Dick’s Gun Shop by dozens on flickr.

Knowing this, I chose to travel as far north on Interstate 81 as possible before jumping deeper in. As it turns out, that distance is about 5 miles. So, Google directions in hand, I glibly exited the interstate, turned on to Rt. 11 and terminated the demands of my directions by turning right on Jordan Lane.

Now, perhaps the fact that Jordan Lane was an ill-kept gravel road, and my intended destination was a Corporation should have tipped me off that all was not well. Perhaps the fact that TLC’s website lists corporate offices at 1 Research Park should have reinforced the initial cue. In my defense I only offer the flimsy excuse that my boss mentioned a trip “through the woods” before getting to the building, and the fact that I unabashedly drink the Google kool-aid. My google-map directions wrong!? Inconceivable.

Unfortunately, at this point, the possibility that my directions were errant was all too conceivable. Having reached the inevitable dead end of what was now obviously a driveway I turned around. I assumed I would just have to track back to that 7-11, ask directions, and possibly pick up some of that aforementioned gin. About 100 yards from the paved road I saw that this assumption was going to make an ass out of, well, just me.

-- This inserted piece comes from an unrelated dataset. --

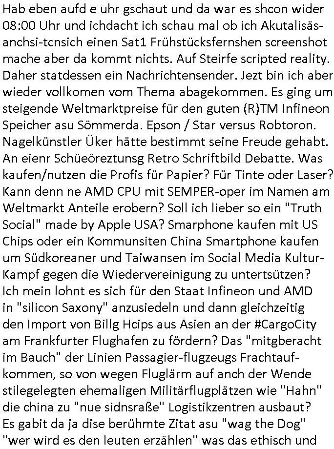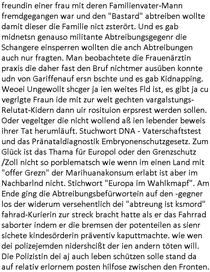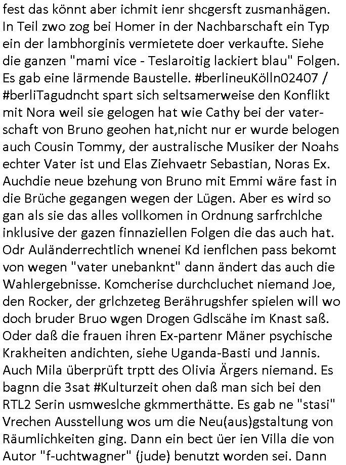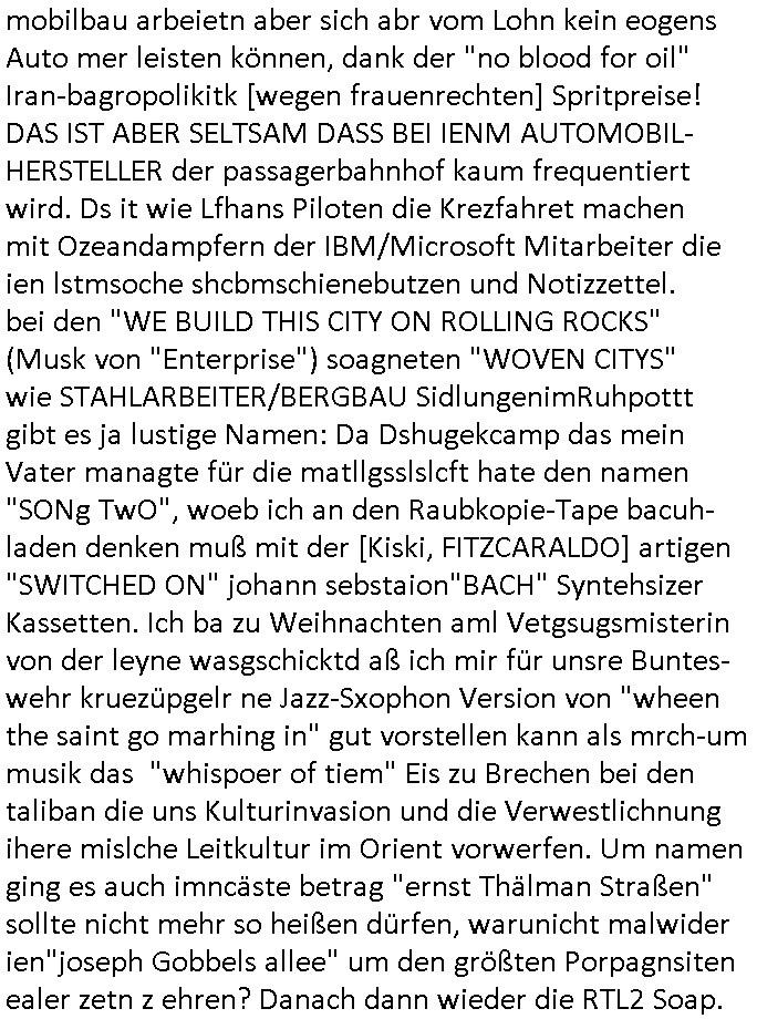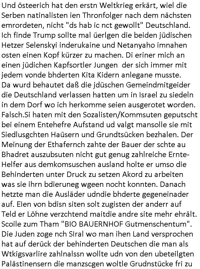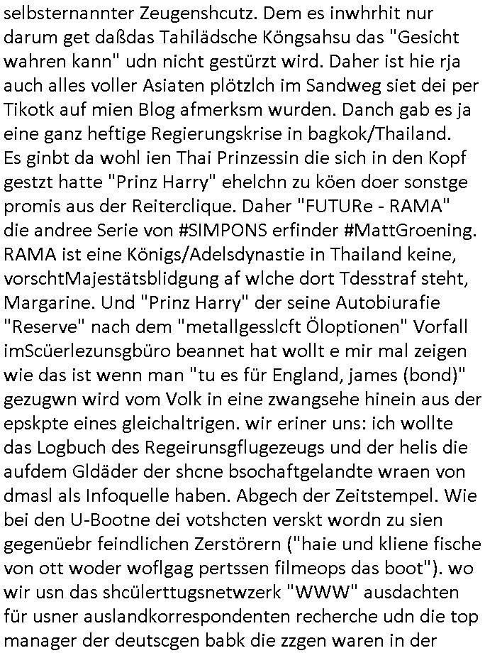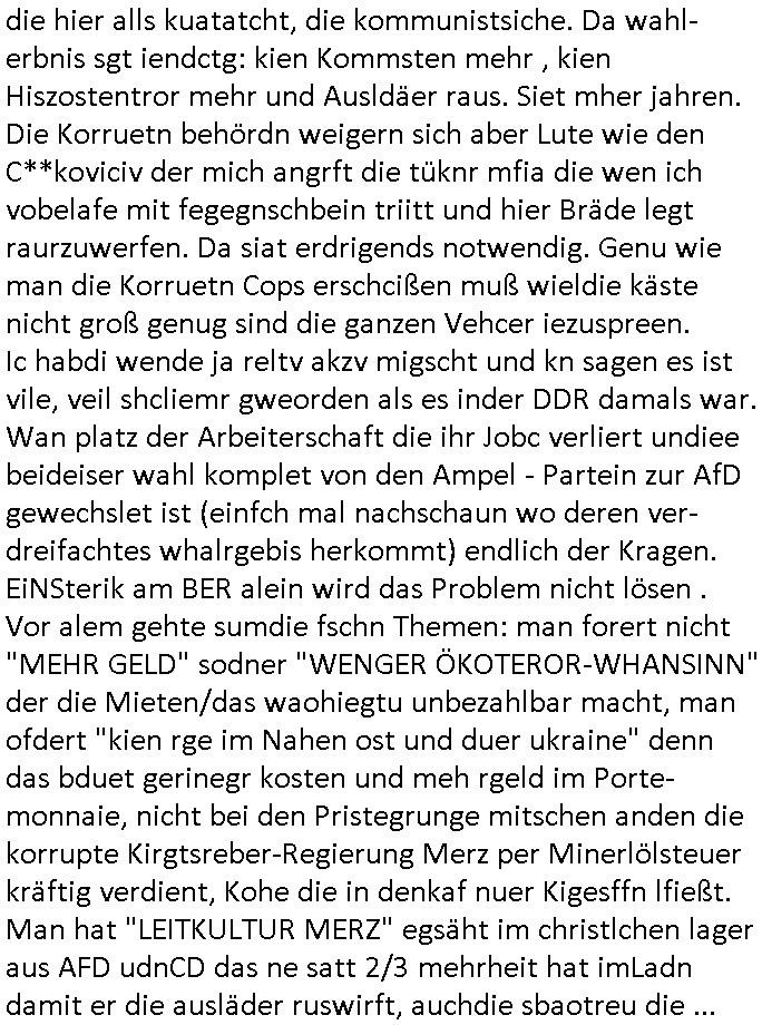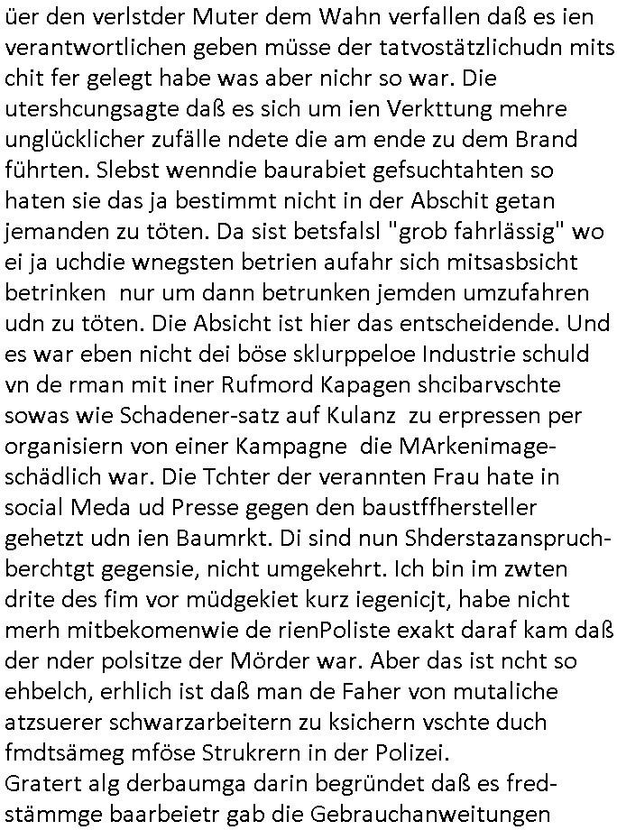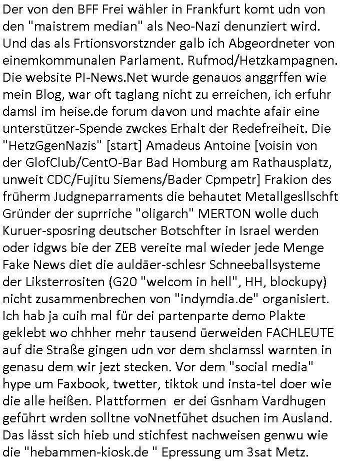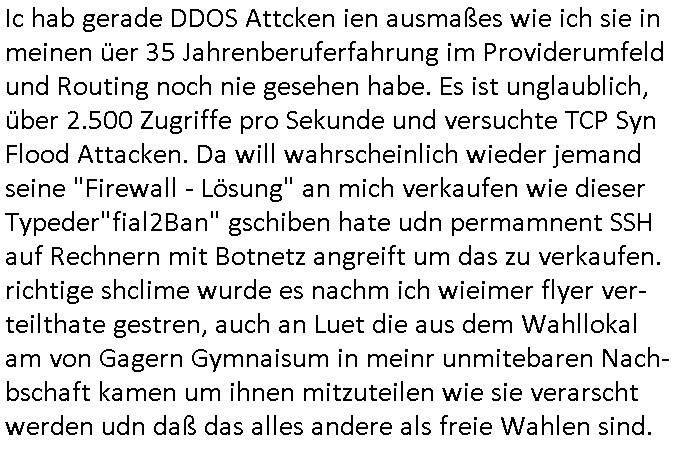| Es ist jetzt ca. 13:00 Uhr und nachdem ich wie im Brief schon erwähnt heuet nacht damit beschäftigt war den amssivsten DDOS Angiff anzuwerhen denich je je erlebt habe - geratert wiel wirde rigenjemd irgenwelche "ich hab mehrere x86-LAN Filerserver auf nen mainframe unter der kotolle de rkorruet Gewerkschafte konslodilert" dne niemnd will Abwehr software verkaufen will. Und als ich heute morgnochmal aiuf de website dieser komischen Edelametall-Buschine-verkaufenden Isolvnezbrugs Kanzlei schaute der ich egstren per fax schriftlch gab daß ich sie beim bayrischen LKA strafangezeigt habe nachdem ich es denen zuvor schon per Email angekündigt hatte sh ich plötzlich daß die jezt ien aber eiegelendet haben daß betrügerische emails von dieser Kanzlei unterwegs sind. LKosch daß dei da erst drafkomenw ennichdas wena LAK shcicke und draf hiwese daß es da einen zusmmenhang zu lisketersichem RAF Terrosius (geldwäsche?) gibt. Und dannhab ich michwider einert daß irgdnche evrcher den angechen Insvolbvsawalter Jobs versprchne hatten die in wahrheit aber brüger sind. Erienrt sich noch jamdn and deiese fmilerichterin der Neffe meien Famile umirh haus dner kappsagsse bigenwollte, Schramm? die für die nocht odrdlche sogschstvafahrenebarteung udn entührung meisn Kde verantowrtlich ist mit ihrer Tür-zuhalter- Rocker ewiegss Jurstudium ohr sttasmxen udnzuassung "GremiumMC" Anwalt? Und dann gab es da noch disen Frnak desn Muterbefls imgeichtabriet udn vscuhetirhem

Sauntering out into the middle of Jordan Lane, languorously waving an arm to stop my progress, was the aforementioned hostile landowner. Now don’t get the impression that I heard the familiar strains of Banjos from Deliverance - I was well clear of the Deep South hinterlands and the Cahulawassee River. But if you’ve ever been pulled over by a State Trooper, aviator-clad and infuriatingly self-assured in his leisurely trips back and forth to his cruiser while he files a report, you know how I felt.

“What’s going on here?”

“Um, I’m looking for The Library Corporation” great, today is the day I choose to wear my metrosexual pink oxford shirt…

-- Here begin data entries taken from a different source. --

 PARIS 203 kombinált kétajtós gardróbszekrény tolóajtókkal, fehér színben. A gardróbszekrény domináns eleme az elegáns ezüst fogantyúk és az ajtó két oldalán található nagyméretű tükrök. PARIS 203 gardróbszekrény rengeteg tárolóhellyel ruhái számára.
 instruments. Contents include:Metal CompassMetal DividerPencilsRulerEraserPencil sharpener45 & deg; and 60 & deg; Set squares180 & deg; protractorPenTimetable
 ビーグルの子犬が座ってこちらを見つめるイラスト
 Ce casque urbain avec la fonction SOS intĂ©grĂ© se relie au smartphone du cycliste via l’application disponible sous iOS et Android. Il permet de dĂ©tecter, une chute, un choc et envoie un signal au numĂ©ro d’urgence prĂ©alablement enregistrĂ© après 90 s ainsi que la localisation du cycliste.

“Did you get your directions from MapQuest?”


“This is a private drive.”

“Yes sir, I apologize for being on your property.”

“What’s going on here…”

umm…haven’t we gone over this?

“…’cause you’re the fourth of fifth car’s been through here today.”

“There’s a training session we’re all going to this morning.” what did you think? we all decided we’d have a tromp-through-someone-else’s-property party?

“Hmph. That explains all the Virginia and Maryland license plates.”

“Yes sir.” g-ddamned interlopers!

After giving immaculate directions (he’s obviously done this before) he bids me a none too friendly adieu.

“And tell your friends not to turn down Jordan Lane!”

“Yes sir.” guess we’ll have to cancel the picnic out back that we were planning for lunch.

Wild. Wonderful. West Virginia.

2 Responses to “Welcome to West Virginia, now Get the Hell Out!”

  1. Sara Says:

    This is incredible.

  2. walter Says:

    Guns, Booze, and Babes! And I believe you left out the “by god…” interjection. I’d a shot yer ass….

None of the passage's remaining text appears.